■ **WHAT THE TASK ASKS**: Report the tally of lines featuring the word "which" in the entries below, without anything else.
====== EXTRACTED ENTRIES ======
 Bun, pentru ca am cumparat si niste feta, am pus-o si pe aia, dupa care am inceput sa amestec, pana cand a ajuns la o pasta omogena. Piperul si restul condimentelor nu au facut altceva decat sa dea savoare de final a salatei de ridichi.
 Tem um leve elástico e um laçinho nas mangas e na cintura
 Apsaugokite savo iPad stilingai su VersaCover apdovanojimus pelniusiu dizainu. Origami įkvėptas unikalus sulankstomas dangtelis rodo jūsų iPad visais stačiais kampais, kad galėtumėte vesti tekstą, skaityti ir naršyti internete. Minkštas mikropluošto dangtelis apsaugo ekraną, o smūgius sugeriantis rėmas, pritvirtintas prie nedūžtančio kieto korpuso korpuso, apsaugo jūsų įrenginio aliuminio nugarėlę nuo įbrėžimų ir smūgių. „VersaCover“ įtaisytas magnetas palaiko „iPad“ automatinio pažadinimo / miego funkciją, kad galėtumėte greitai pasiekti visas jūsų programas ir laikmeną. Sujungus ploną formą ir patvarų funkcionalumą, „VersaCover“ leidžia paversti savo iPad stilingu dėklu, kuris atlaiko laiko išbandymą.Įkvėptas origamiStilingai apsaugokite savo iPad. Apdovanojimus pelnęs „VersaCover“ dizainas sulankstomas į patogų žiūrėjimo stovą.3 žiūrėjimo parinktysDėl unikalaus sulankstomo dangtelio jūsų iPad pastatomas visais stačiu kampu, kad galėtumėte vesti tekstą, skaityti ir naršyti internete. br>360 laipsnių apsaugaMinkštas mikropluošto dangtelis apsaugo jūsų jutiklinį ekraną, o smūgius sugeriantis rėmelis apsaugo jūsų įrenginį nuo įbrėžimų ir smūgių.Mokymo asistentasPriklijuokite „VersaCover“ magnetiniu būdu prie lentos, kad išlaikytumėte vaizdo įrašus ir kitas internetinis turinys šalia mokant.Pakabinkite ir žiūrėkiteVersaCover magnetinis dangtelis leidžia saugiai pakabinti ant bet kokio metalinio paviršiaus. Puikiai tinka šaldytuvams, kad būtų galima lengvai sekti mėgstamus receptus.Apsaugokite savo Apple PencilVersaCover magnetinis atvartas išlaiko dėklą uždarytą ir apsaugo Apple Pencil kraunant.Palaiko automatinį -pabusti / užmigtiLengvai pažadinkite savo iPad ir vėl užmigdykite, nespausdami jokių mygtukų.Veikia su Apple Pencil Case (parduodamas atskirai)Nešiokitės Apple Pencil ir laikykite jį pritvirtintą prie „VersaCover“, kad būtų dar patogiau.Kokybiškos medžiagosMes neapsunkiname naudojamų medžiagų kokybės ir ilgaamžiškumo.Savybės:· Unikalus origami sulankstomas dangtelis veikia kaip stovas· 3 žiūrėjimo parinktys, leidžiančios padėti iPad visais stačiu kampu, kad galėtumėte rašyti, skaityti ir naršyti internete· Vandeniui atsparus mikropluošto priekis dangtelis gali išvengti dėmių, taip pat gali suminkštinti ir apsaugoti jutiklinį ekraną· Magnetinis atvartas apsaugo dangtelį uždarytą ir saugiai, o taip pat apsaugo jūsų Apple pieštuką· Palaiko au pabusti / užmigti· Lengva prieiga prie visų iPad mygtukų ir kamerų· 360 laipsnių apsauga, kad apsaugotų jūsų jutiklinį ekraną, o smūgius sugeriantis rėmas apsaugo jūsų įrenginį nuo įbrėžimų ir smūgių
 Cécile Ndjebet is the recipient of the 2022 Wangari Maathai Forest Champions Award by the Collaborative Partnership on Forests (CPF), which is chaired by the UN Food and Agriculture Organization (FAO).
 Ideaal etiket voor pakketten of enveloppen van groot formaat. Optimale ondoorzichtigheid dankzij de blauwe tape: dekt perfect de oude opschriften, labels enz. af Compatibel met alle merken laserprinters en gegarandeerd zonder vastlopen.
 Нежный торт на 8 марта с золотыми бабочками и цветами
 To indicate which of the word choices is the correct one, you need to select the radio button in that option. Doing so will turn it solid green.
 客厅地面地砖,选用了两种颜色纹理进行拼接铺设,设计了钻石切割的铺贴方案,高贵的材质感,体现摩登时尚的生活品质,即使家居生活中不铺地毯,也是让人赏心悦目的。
======
■ **OUTPUT BELOW**: 2